### What is needed
Transcribe the data exactly, pictures excluded.
━━━ Listed entries ━━━
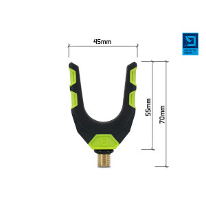Podstawowa podpórka na wędkę w kształcie litery "U" zaprojektowany w kolorach naszej innowacyjnej serii feederowej Delphin Reaxe. Jest bardzo dobrze wykonana, solidna i trwała. Kształt "U" pozwala na użycie wędek o różnych średnicach rękojeści. Powierzchnia jest pokryta gumowym materiałem, który chroni wędki przed uszkodzeniem. Podpórka wykonana jest z wytrzymałych materiałów, dzięki czemu nie ulegnie tak łatwo uszkodzeniu lub zarysowaniu. Posiada uniwersalny gwint kompatybilny ze wszystkimi standardowymi ramionami i uchwytami. Gumowa część na gwincie zapobiega obracaniu się podpórki.
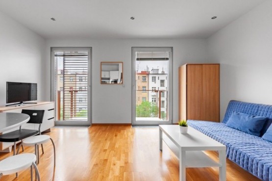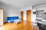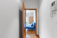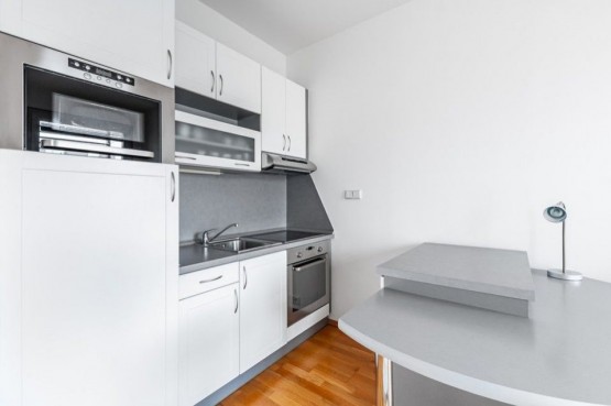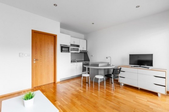 Vybavení bytu zahrnuje plně zařízenou kuchyň v bílém designu (lednice, mrazák, mikrovlnná trouba, odsavač par, sklo - keramická deska), TV, komoda, pračka, jídelní stůl se židlemi, pohovka, vstupní bezpečnostní dveře.
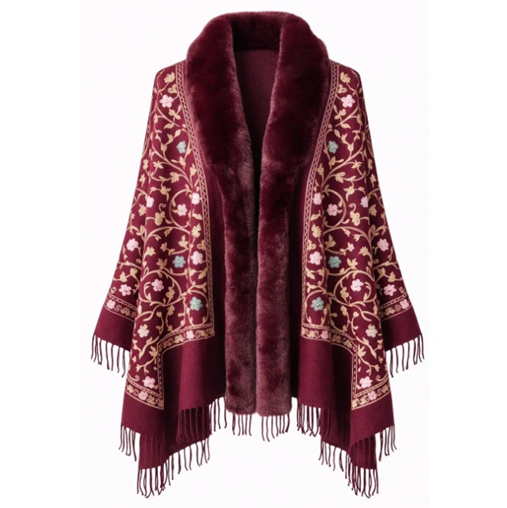 Esarfa tip Poncho cu blanita si broderie Cashmere DAPHNE, Burgundy
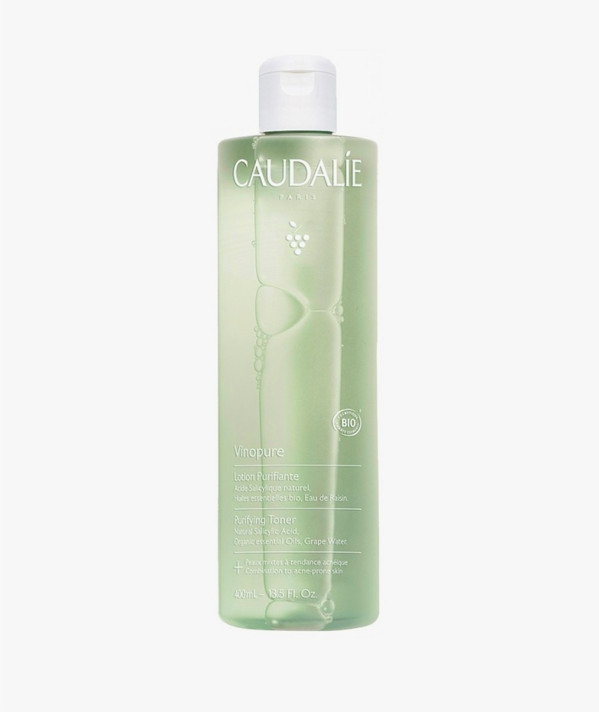 Caudalie Vinopure Tónico Purificante es el primer paso esencial en la rutina de cuidado de las pieles con tendencia a imperfecciones. Formulado con un 99% de ingredientes de origen natural, contiene ácido salicílico 100% puro y de origen natural para desincrustar los poros y mejorar la textura de la piel. Además, está enriquecido con agua de uva biológica y aceites esenciales purificantes, que ayudan a hidratar, calmar y reducir los brillos. Su fórmula, no comedogénica, elimina el exceso de sebo y las impurezas, dejando la piel limpia, fresca y matificada. Se recomienda aplicar mañana y noche sobre la piel limpia, con un algodón o directamente con las yemas de los dedos.
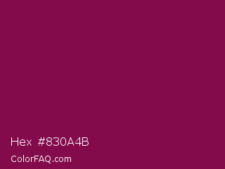 Hex #830a4b Color is a dark rose color and the nearest color is Rose Bud Cherry #800b47. Hex code #830a4b and RGB value is rgb(131,10,75). In RGB color space, this color is composed of 51% red, 4% green, 29% blue, In CMYK color space, this color is composed of 0% cyan, 92% magenta, 43% yellow , 49% black , In HSL color space, this color has a hue angle of 328° , 86% saturation and 28% lightness.
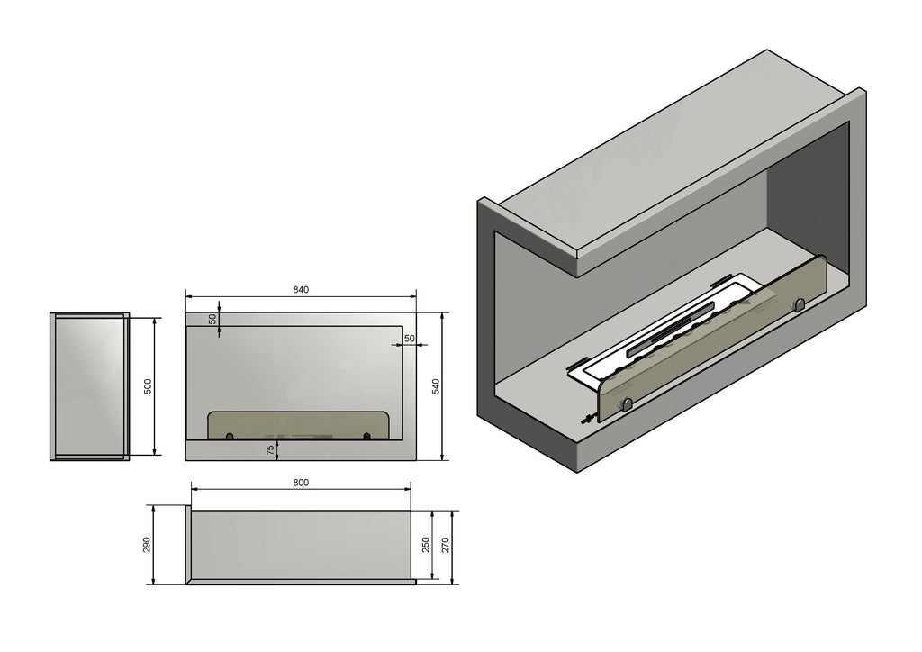 Bioethanol-Einbaukamin 84x54x29 cm Inside L800 V1 Linke Ecke Schwarz mit Glas
━━━
### Worked solution
Podstawowa podpórka na wędkę w kształcie litery "U" zaprojektowany w kolorach naszej innowacyjnej serii feederowej Delphin Reaxe. Jest bardzo dobrze wykonana, solidna i trwała. Kształt "U" pozwala na użycie wędek o różnych średnicach rękojeści. Powierzchnia jest pokryta gumowym materiałem, który chroni wędki przed uszkodzeniem. Podpórka wykonana jest z wytrzymałych materiałów, dzięki czemu nie ulegnie tak łatwo uszkodzeniu lub zarysowaniu. Posiada uniwersalny gwint kompatybilny ze wszystkimi standardowymi ramionami i uchwytami. Gumowa część na gwincie zapobiega obracaniu się podpórki.
 Vybavení bytu zahrnuje plně zařízenou kuchyň v bílém designu (lednice, mrazák, mikrovlnná trouba, odsavač par, sklo - keramická deska), TV, komoda, pračka, jídelní stůl se židlemi, pohovka, vstupní bezpečnostní dveře.
 Esarfa tip Poncho cu blanita si broderie Cashmere DAPHNE, Burgundy
 Caudalie Vinopure Tónico Purificante es el primer paso esencial en la rutina de cuidado de las pieles con tendencia a imperfecciones. Formulado con un 99% de ingredientes de origen natural, contiene ácido salicílico 100% puro y de origen natural para desincrustar los poros y mejorar la textura de la piel. Además, está enriquecido con agua de uva biológica y aceites esenciales purificantes, que ayudan a hidratar, calmar y reducir los brillos. Su fórmula, no comedogénica, elimina el exceso de sebo y las impurezas, dejando la piel limpia, fresca y matificada. Se recomienda aplicar mañana y noche sobre la piel limpia, con un algodón o directamente con las yemas de los dedos.
 Hex #830a4b Color is a dark rose color and the nearest color is Rose Bud Cherry #800b47. Hex code #830a4b and RGB value is rgb(131,10,75). In RGB color space, this color is composed of 51% red, 4% green, 29% blue, In CMYK color space, this color is composed of 0% cyan, 92% magenta, 43% yellow , 49% black , In HSL color space, this color has a hue angle of 328° , 86% saturation and 28% lightness.
 Bioethanol-Einbaukamin 84x54x29 cm Inside L800 V1 Linke Ecke Schwarz mit Glas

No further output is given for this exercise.